Entries taken from a collection:

-- Opening Marker --

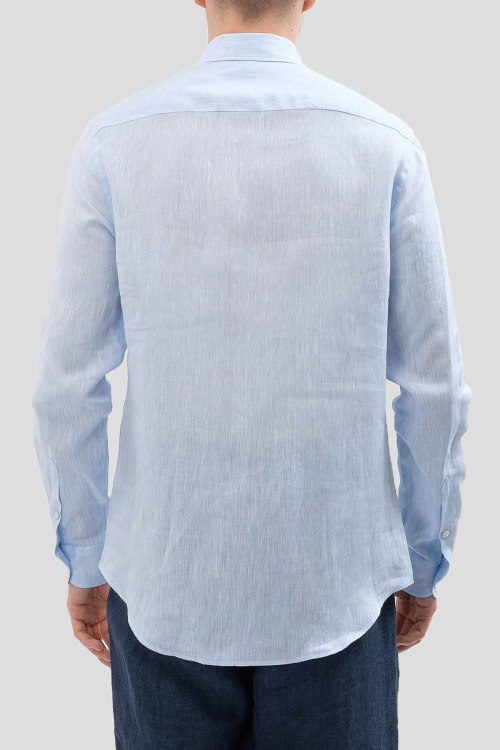 Детали: Мужская голубая льняная рубашка от Emporio Armani (Эмпорио Армани).Вышитый логотип на груди, отложной воротник, застежка на пуговицы, манжеты на пуговицах, классическая длина, закругленный нижний край
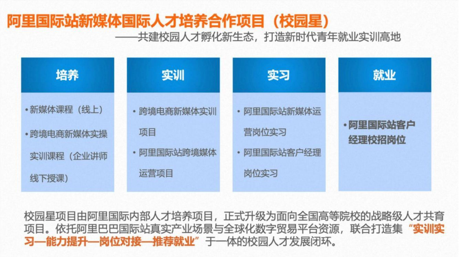 阿里国际站新媒体国际人才项目 (校园星)是由阿里国际内部人才培养项目,正式升级为面向全国高等院校的战略级人才共育项目 。依托阿里巴巴国际站真实产业场景与全球化数字贸易平台资源,联合打造集“实训实习—能力提升—岗位对接—推荐就业”于—体的校园人才发展闭环。
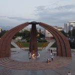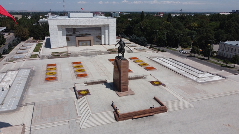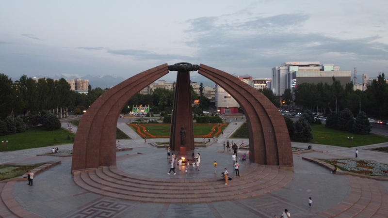 Manas hrabre čuva. Biškek je grad nastao još na Putu svile, a 1920-ih je godina planski izgrađen pod palicom Čeha i Slovaka. Godine 1926. preimenovan je po Mihailu Frunzeu (1885. − 1925.), velikom vojskovođi iz doba stvaranja SSSR-a, koji je rođen upravo tu, a umro je u Moskvi − pod nerazjašnjenim okolnostima. Nakon raspada Sovjetskog Saveza Biškeku je vraćeno staro ime.
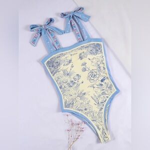 Reversible one-piece swimsuit. Can be used both sides, one side colorful floral print and the other a sketch floral print. High cut, tie shoulder straps, cheeky swimsuit
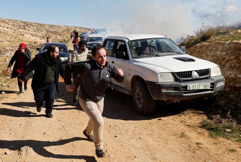 Palestinians run for cover from tear gas during a protest against settlements in Masafer Yatta near Hebron, in the Israeli-occupied West Bank, January 20,2023.
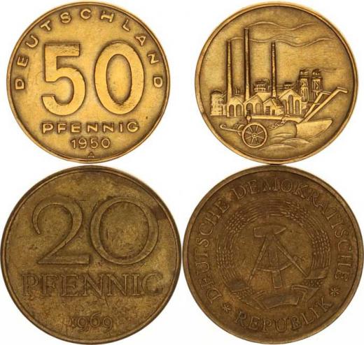 50 Pfennig 1950 A - bronz KM 4 "R" 20 Pfennig 1969 2 ks
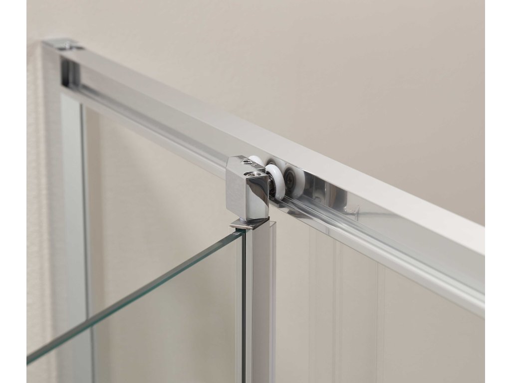 Zasúvacie dvere sa inovatívnym spôsobom zasúvajú dovnútra sprchového kúta, čím vzniká veľký vstupný priestor. Vďaka tomu dvere nezasahujú do priestoru kúpeľne. Ide o veľmi vhodné riešenie aj pre malé kúpeľne.

-- Closing Marker --

# Exercise brief
Verbatim copy without images: write the records above out in full.

# Response to the task
 Детали: Мужская голубая льняная рубашка от Emporio Armani (Эмпорио Армани).Вышитый логотип на груди, отложной воротник, застежка на пуговицы, манжеты на пуговицах, классическая длина, закругленный нижний край
 阿里国际站新媒体国际人才项目 (校园星)是由阿里国际内部人才培养项目,正式升级为面向全国高等院校的战略级人才共育项目 。依托阿里巴巴国际站真实产业场景与全球化数字贸易平台资源,联合打造集“实训实习—能力提升—岗位对接—推荐就业”于—体的校园人才发展闭环。
 Manas hrabre čuva. Biškek je grad nastao još na Putu svile, a 1920-ih je godina planski izgrađen pod palicom Čeha i Slovaka. Godine 1926. preimenovan je po Mihailu Frunzeu (1885. − 1925.), velikom vojskovođi iz doba stvaranja SSSR-a, koji je rođen upravo tu, a umro je u Moskvi − pod nerazjašnjenim okolnostima. Nakon raspada Sovjetskog Saveza Biškeku je vraćeno staro ime.
 Reversible one-piece swimsuit. Can be used both sides, one side colorful floral print and the other a sketch floral print. High cut, tie shoulder straps, cheeky swimsuit
 Palestinians run for cover from tear gas during a protest against settlements in Masafer Yatta near Hebron, in the Israeli-occupied West Bank, January 20,2023.
 50 Pfennig 1950 A - bronz KM 4 "R" 20 Pfennig 1969 2 ks
 Zasúvacie dvere sa inovatívnym spôsobom zasúvajú dovnútra sprchového kúta, čím vzniká veľký vstupný priestor. Vďaka tomu dvere nezasahujú do priestoru kúpeľne. Ide o veľmi vhodné riešenie aj pre malé kúpeľne.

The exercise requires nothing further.